*** Block opens ***

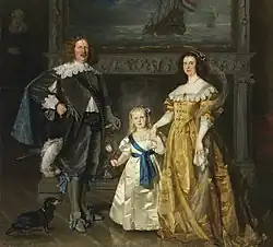 Portret van Koningin Wilhelmina, prins Hendrik en prinses Juliana in historisch tenue | 1915 | 239 × 262 cm | Collectie Huis Oranje-Nassau | |
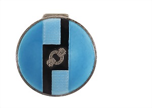 small powder compact (England), ART-DECO, silver 925/000, signed TURNER u. SIMPSON Birmingham 1930, bright blue translucent and black enamel, gouilloched, decorative element set with markasites, diameter = 53.5 mm, height = 13.8 mm, very nice condition !
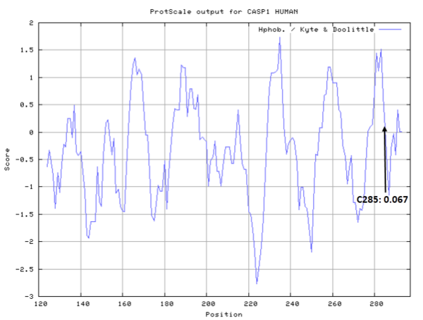 Caspase-1 (also known as interleukin 1β-converting enzyme or ICE) is expressed as a procaspase-1 zymogen that is processed into a catalytically competent form through autoproteolysis induced by protein oligomerization in vitro, but may require caspase-5 for efficient activation in vivo. It cleaves IL-1β between an Asp and an Ala, releasing the mature cytokine which is involved in a variety of inflammatory processes. Caspase-1 is important for defense against pathogens. It could cleaves and activates sterol regulatory element binding proteins (SREBPs). It also can promote apoptosis. (From Uniprot, PMID: 16511067)
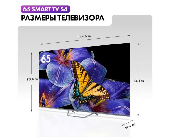 65" Телевизор Haier Smart TV S4 серый 3840x2160, 4K Ultra HD, 60 Гц, Wi-Fi, Smart TV, Android TV
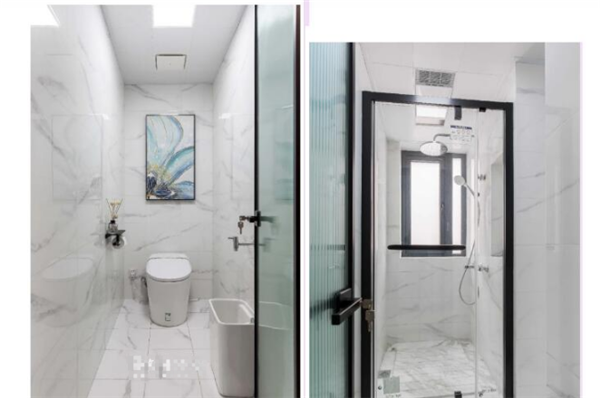 原户型卫生间比较小,设计师采用三分离的设计方案,干湿区完全独立,淋浴间和马桶间用的是现在比较流行的长虹玻璃门,保证透光的同时也能起到一些隐私作用,很有质感,且空间利用率也非常高。
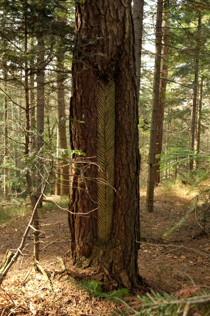Obok terenu Zaginionych Skałek znajduje się trzeci przystanek “Drzewa Żywicowane”. Spotykamy tu kilka starszych, wysokich sosen, na pniach których znajdują się okorowane miejsca, a na nich zabliźnione, skośne nacięcia. Kiedyś w taki sposób pozyskiwano z drzew żywicę. Polegało to na zdjęciu kawałka kory, nacięciu ostrym nożem skośnych rowków w formie jodełki zbiegających się do pionowej rysy i umieszczeniu niżej naczynia na spływającą żywicę. W obecnych czasach tej metody już się nie stosuje. Pamiętam, gdy byłem nastolatkiem często tak ponacinane sosny widywałem w lasach.

*** Block closes ***

ASSIGNMENT
Write out the listing above exactly as it stands, pictures excluded.

WORKED SOLUTION
 Portret van Koningin Wilhelmina, prins Hendrik en prinses Juliana in historisch tenue | 1915 | 239 × 262 cm | Collectie Huis Oranje-Nassau | |
 small powder compact (England), ART-DECO, silver 925/000, signed TURNER u. SIMPSON Birmingham 1930, bright blue translucent and black enamel, gouilloched, decorative element set with markasites, diameter = 53.5 mm, height = 13.8 mm, very nice condition !
 Caspase-1 (also known as interleukin 1β-converting enzyme or ICE) is expressed as a procaspase-1 zymogen that is processed into a catalytically competent form through autoproteolysis induced by protein oligomerization in vitro, but may require caspase-5 for efficient activation in vivo. It cleaves IL-1β between an Asp and an Ala, releasing the mature cytokine which is involved in a variety of inflammatory processes. Caspase-1 is important for defense against pathogens. It could cleaves and activates sterol regulatory element binding proteins (SREBPs). It also can promote apoptosis. (From Uniprot, PMID: 16511067)
 65" Телевизор Haier Smart TV S4 серый 3840x2160, 4K Ultra HD, 60 Гц, Wi-Fi, Smart TV, Android TV
 原户型卫生间比较小,设计师采用三分离的设计方案,干湿区完全独立,淋浴间和马桶间用的是现在比较流行的长虹玻璃门,保证透光的同时也能起到一些隐私作用,很有质感,且空间利用率也非常高。
Obok terenu Zaginionych Skałek znajduje się trzeci przystanek “Drzewa Żywicowane”. Spotykamy tu kilka starszych, wysokich sosen, na pniach których znajdują się okorowane miejsca, a na nich zabliźnione, skośne nacięcia. Kiedyś w taki sposób pozyskiwano z drzew żywicę. Polegało to na zdjęciu kawałka kory, nacięciu ostrym nożem skośnych rowków w formie jodełki zbiegających się do pionowej rysy i umieszczeniu niżej naczynia na spływającą żywicę. W obecnych czasach tej metody już się nie stosuje. Pamiętam, gdy byłem nastolatkiem często tak ponacinane sosny widywałem w lasach.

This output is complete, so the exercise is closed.